Neighborhoods and communities have also suffered profoundly
from the onslaught of foreclosures as the neglect and
deterioration that may accompany vacant properties makes
neighborhoods less desirable places to live and may put further
downward pressure on home prices.
An ongoing imbalance between supply and demand exacerbates
these problems in the housing market. For the past few years,
the actual and potential supply of single-family homes for
purchase has greatly exceeded the effective demand, in part
because of the large number of homes that have come back onto
the market after moving through the foreclosure process. The
elevated pace of foreclosures, unfortunately, is likely to be
sustained for quite a while and, therefore, will continue to
put downward pressure on home prices.
At the same time, a host of factors have been weighing on
housing demand. Many households have been reluctant or unable
to purchase homes because of concerns about their income,
employment prospects, or the future path of home prices. Tight
mortgage credit conditions have also prevented many households
from purchasing homes. Although some retrenchment in lending
standards was necessary and appropriate given the lax standards
that prevailed before the crisis, current lending practices
appear to be limiting or preventing lending even to
creditworthy households.
In the paper, we discuss the benefits and costs of a
variety of policy options that have been proposed to respond to
difficult housing issues, including increasing credit
availability for households seeking to purchase a home or to
refinance an existing mortgage; exploring the scope for further
mortgage modifications, including encouraging short sales and
deeds in lieu of foreclosure in cases where foreclosure cannot
be avoided; and expanding the options available for holders of
foreclosed property to dispose of their inventory responsibly.
Any policy proposals, though, will require wrestling with
difficult choices and tradeoffs as initiatives to benefit the
housing market will likely involve shifting some of the burden
of adjustment from some parties to others.
I greatly appreciate the leadership that the Senate Banking
Committee has shown on the profound challenges facing the
housing market. For its part, the Federal Reserve will continue
to use its policy tools to support the economic recovery and
carry out its dual mandate to foster maximum employment in the
context of price stability. In its supervisory capacity, the
Federal Reserve will continue to encourage lenders to find ways
to maintain prudent lending standards while serving
creditworthy borrowers.
Thank you again for inviting me to appear before you today.
I would be happy to answer any questions you may have.
Chairman Johnson. Thank you, Governor Duke.
Mr. DeMarco, you may proceed with your testimony.

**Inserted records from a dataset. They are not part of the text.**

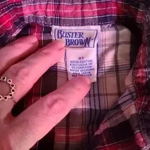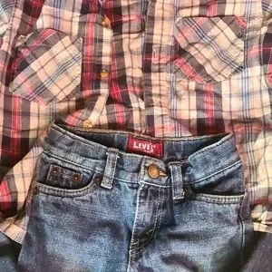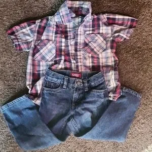 This is a super cute toddler outfit set. Levis 511 skinny jeans size 3T no holes or stains with a super cute Buster Brown plaid short sleeve button down shirt size 4T. This is the perfect fall outfit. These are like new with no signs of wear.
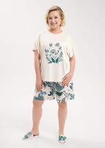 Домашний костюм из тканой вискозы состоит из рубашки и длинных широких брюк. Принт : «Туаль де Жуи» (Toile de Jouy) — это французская ткань с одноцветным рисунком в белых тонах на синем фоне, изображающим пасторальные сцены, пейзажи или сцены из жизни XVIII века. Рубашка с английским воротником, на пуговицах, с длинным рукавом без манжет. Брюки на резинке. Подгиб и строчка по низу рукава и рубашки и низу брюк. XS-XS(170-84-90), S-S(170-88-94), M-M(170-92-98), L-L(170-96-102), XL-XL(170-100-106)
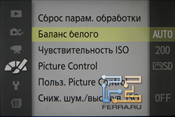 Настройки баланса белого не отличаются особым богатством. Конечно, есть тонкая настройка по шкалам AB/GM, но для ручных настроек предусмотрена только одна ячейка. Ручная установка цветовой температуры не предусмотрела, а вызов меню выбора пресетов спрятан глубоко в меню.
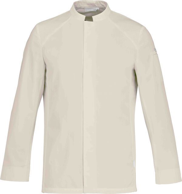 Veste homme bi-matières à col officier plongeant. Fermeture milieu devant par boutons-pression cachés. Manches longues. Poche passepoilée sur manche gauche. Fentes côtés. Empiècements en maille piquée aux épaules et aux côtés.
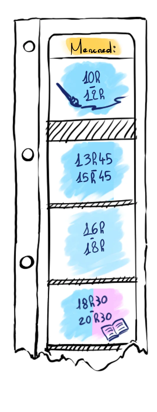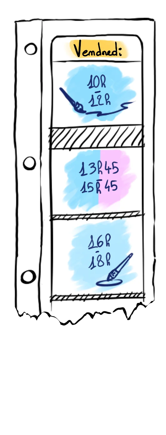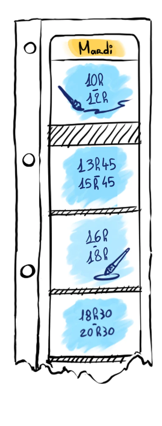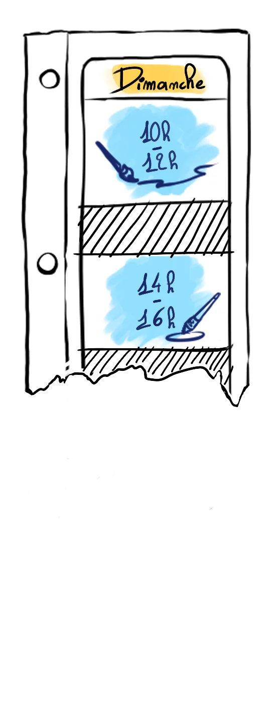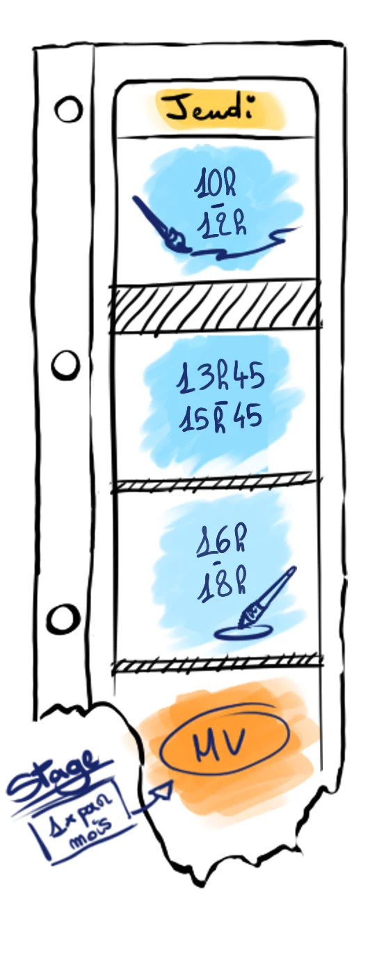 Vous pouvez placer vos cours quand vous le souhaitez dans les horaires d’ouverture. En plus des cours d’arts visuels (dessin, peinture, digital painting, etc.) vous pouvez aussi assister à des cours d’écriture les mercredis et vendredis. Un jeudi par mois, nous organisons un cours du soir de modèle vivant (30€/séance).

STATEMENT OF EDWARD J. DeMARCO, ACTING DIRECTOR, FEDERAL
HOUSING FINANCE AGENCY
Mr. DeMarco. Thank you, Mr. Chairman. Chairman Johnson,
Ranking Member Shelby, Members of the Committee, I am pleased
to be invited here today to discuss the actions FHFA is taking
in our role as conservator for Fannie Mae and Freddie Mac to
aid recovery of the U.S. housing market.
My written statement responds to the Committee's request
for a description of FHFA's work as conservator of Fannie and
Freddie, or the Enterprises, as I will refer to them, to
address barriers to housing recovery, including preventing
foreclosures through loss mitigation, facilitating refinancing
at today's low interest rates, and initiating an REO sales
program. My written statement also summarizes the recent
strategic plan for conservatorship that I submitted to you last
week.
In contrast to how they are sometimes portrayed, the
Enterprises are playing a leading role in providing assistance
to homeowners seeking to avoid foreclosures. On a nationwide
basis, Fannie Mae and Freddie Mac own or guarantee 60 percent
of the mortgages outstanding, but they account for a much lower
proportion, 29 percent, of seriously delinquent loans. And let
me add here, there was a little discussion in the prior panel
regarding market share. During the period 2005 to 2007, the
Enterprises' market share was actually generally declining.
More of this was--more mortgage activity was being financed
through the private label market, which is, of course, where a
good bit of our difficulties today are and where a lot of
troubled loans reside.
Even though the Enterprises have a smaller share of
seriously delinquent loans than other market participants, they
account for about half of all HAMP modifications. Between HAMP
modifications and their own proprietary loan modifications,
Fannie and Freddie have completed over one million loan
modifications since the fourth quarter of 2008.
We have also made great strides in improving mortgage
servicing standards. The Servicing Alignment Initiative, which
FHFA announced last year, focuses servicers' resources and
attention on moving all borrowers in trouble into alternatives
to foreclosure and to do so quickly, efficiently, and
aggressively. The Servicing Alignment Initiative aligned the
requirements of the Enterprises to remove inconsistencies that
could cause servicer confusion and delay.
Fannie and Freddie are also at the forefront of refinance
activity for current borrowers. Since April 1 of 2009, the
Enterprises have completed more than ten million mortgage
refinances. The Home Affordable Refinance Program, or HARP,
provides refinancing opportunities to borrowers that might
otherwise be unable to refinance due to house price declines.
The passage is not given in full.